Data records:
BEGIN

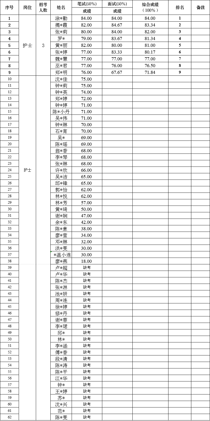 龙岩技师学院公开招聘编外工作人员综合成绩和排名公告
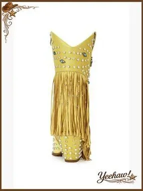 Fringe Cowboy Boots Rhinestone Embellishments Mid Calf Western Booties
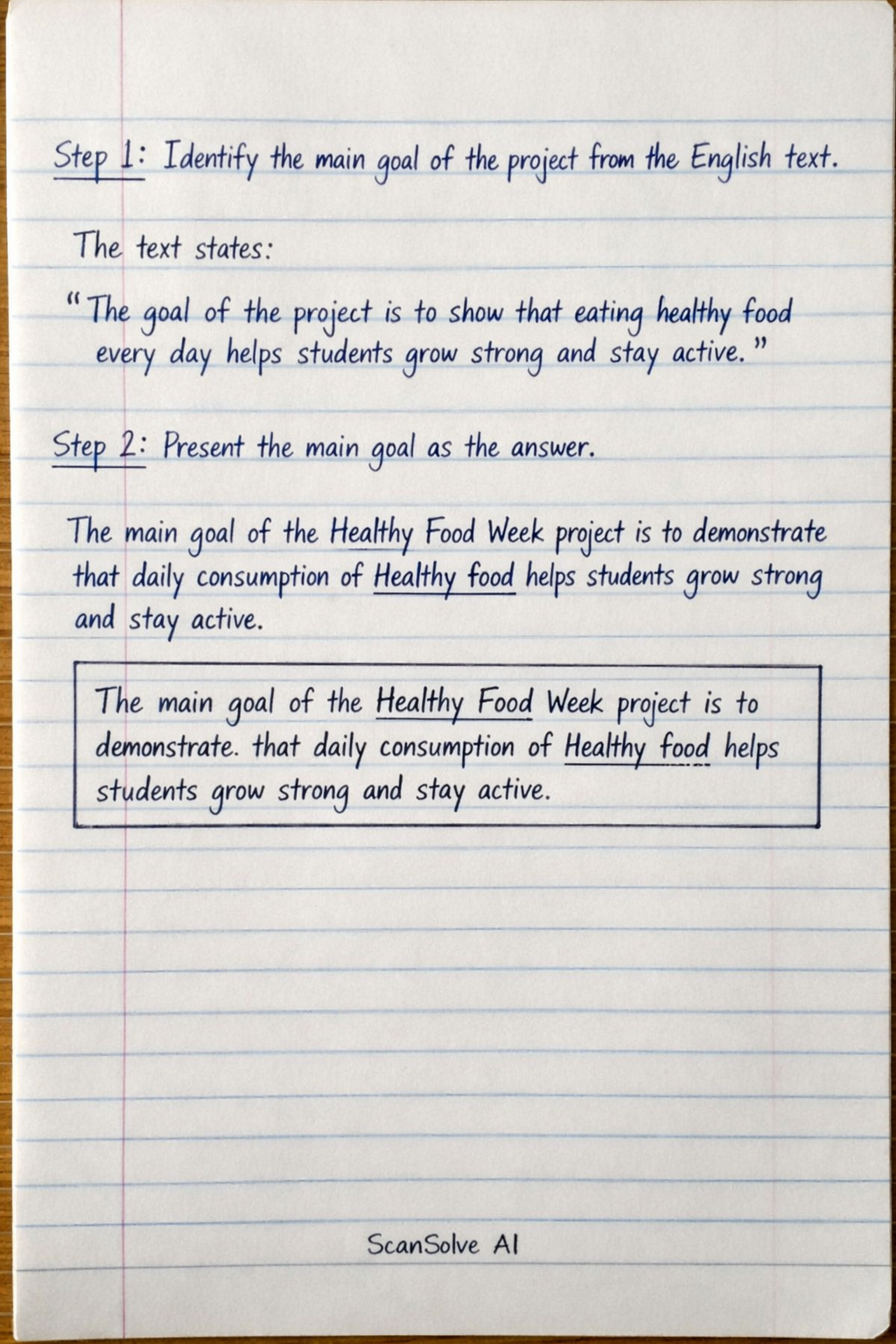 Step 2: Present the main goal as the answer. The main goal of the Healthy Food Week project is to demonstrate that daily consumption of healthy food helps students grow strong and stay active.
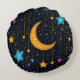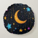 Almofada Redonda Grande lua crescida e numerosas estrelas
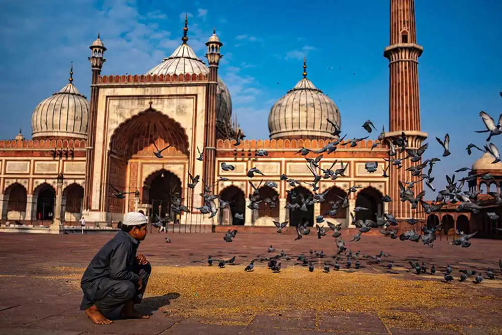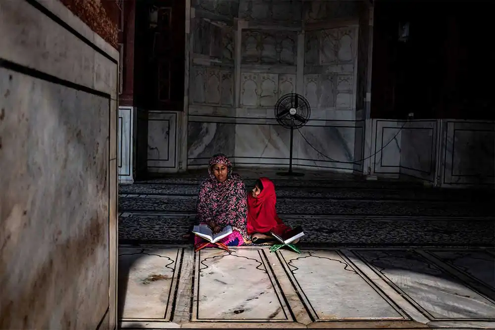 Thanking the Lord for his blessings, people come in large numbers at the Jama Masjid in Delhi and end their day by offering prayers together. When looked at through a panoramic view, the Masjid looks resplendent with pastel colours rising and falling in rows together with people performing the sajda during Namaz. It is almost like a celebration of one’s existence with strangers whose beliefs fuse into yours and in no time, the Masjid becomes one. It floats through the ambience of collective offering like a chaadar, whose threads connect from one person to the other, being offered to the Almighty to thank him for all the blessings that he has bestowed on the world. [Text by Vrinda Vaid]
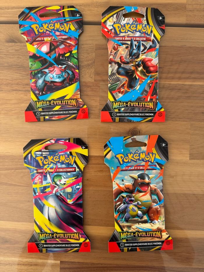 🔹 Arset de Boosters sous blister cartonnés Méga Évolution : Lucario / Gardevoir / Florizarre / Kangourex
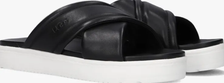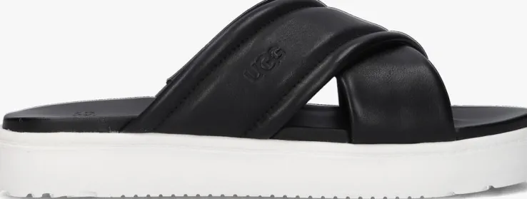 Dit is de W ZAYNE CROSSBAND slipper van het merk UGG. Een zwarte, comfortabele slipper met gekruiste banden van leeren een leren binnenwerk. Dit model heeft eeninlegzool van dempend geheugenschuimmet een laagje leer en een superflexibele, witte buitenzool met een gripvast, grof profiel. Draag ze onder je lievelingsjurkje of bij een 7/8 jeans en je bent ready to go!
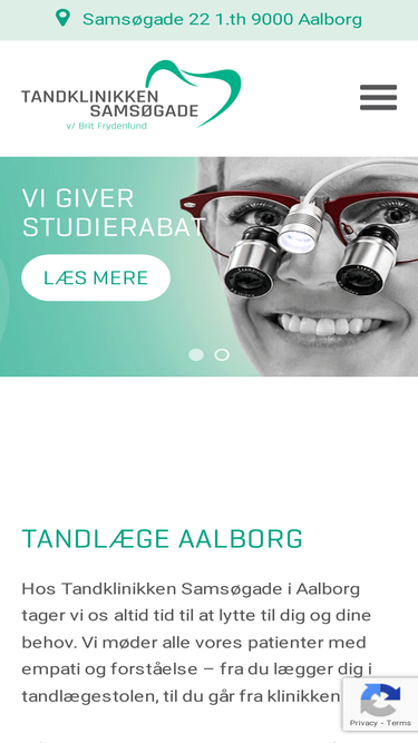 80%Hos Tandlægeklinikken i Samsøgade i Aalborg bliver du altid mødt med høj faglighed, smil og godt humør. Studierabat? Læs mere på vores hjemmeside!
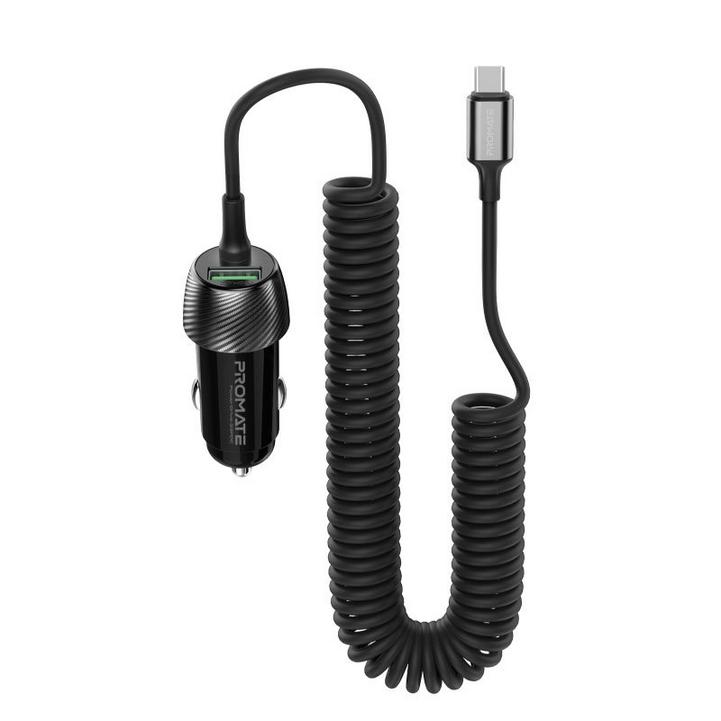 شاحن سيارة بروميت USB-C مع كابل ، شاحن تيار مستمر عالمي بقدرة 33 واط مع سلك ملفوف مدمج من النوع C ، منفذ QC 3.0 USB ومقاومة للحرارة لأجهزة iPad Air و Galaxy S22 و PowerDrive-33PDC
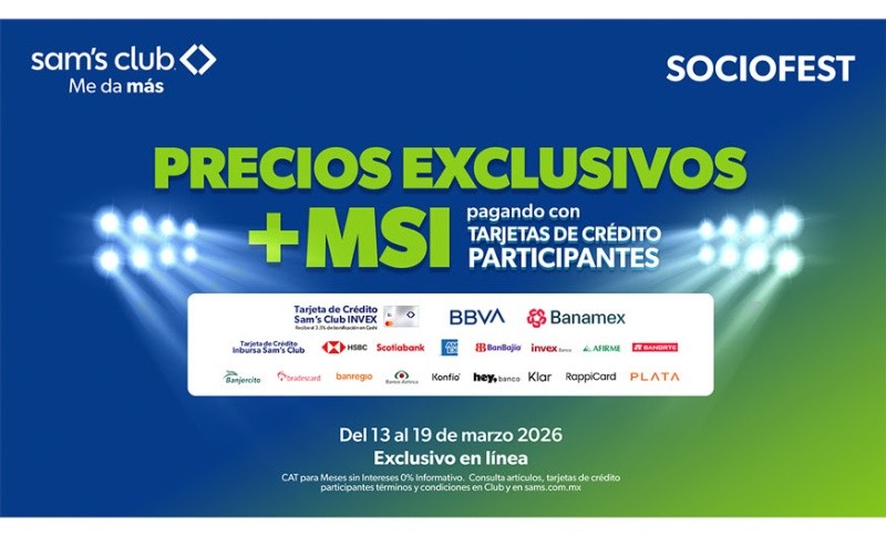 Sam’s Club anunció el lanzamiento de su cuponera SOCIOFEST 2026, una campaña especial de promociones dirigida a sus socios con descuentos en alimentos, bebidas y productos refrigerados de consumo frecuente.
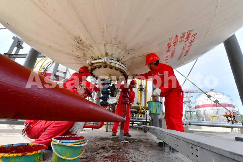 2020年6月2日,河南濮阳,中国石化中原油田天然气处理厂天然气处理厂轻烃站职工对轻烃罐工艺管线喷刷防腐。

END

## EXERCISE BRIEF:
Exactly as written, repeat the lines from the beginning of the entries up to and including the line with "Almofada Redonda Grande", but not the pictures.

## OUTPUT OF THE EXERCISE:
 龙岩技师学院公开招聘编外工作人员综合成绩和排名公告
 Fringe Cowboy Boots Rhinestone Embellishments Mid Calf Western Booties
 Step 2: Present the main goal as the answer. The main goal of the Healthy Food Week project is to demonstrate that daily consumption of healthy food helps students grow strong and stay active.
 Almofada Redonda Grande lua crescida e numerosas estrelas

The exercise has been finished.